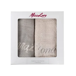 Ręczniki Miss Lucy zestaw 2 sztuki Mąż Żona 70 x 140 cm ciemnobeżowy + jasnobeżowy
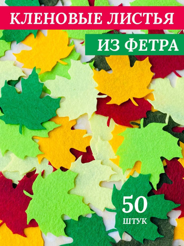 Кленовые листья из фетра разные цвета комплект 50 штук
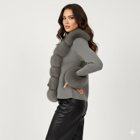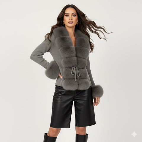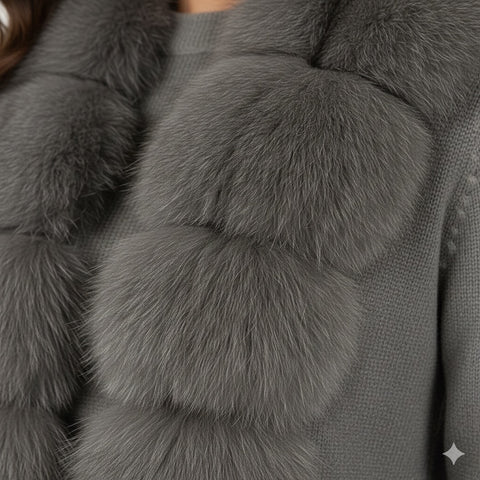 Lana Fox Grey Fur Sweater is designed to sculpt the silhouette while delivering elevated winter luxury. Crafted from a premium knit base, it features plush genuine fox-fur trim along the front and cuffs, finished with a softly cinched waist for a flattering, feminine fit.

---

Copy the final stretch of lines, starting at the one that holds "Кленовые листья из" and ending at the last line of the data, exactly; omit pictures.

 Кленовые листья из фетра разные цвета комплект 50 штук
 Lana Fox Grey Fur Sweater is designed to sculpt the silhouette while delivering elevated winter luxury. Crafted from a premium knit base, it features plush genuine fox-fur trim along the front and cuffs, finished with a softly cinched waist for a flattering, feminine fit.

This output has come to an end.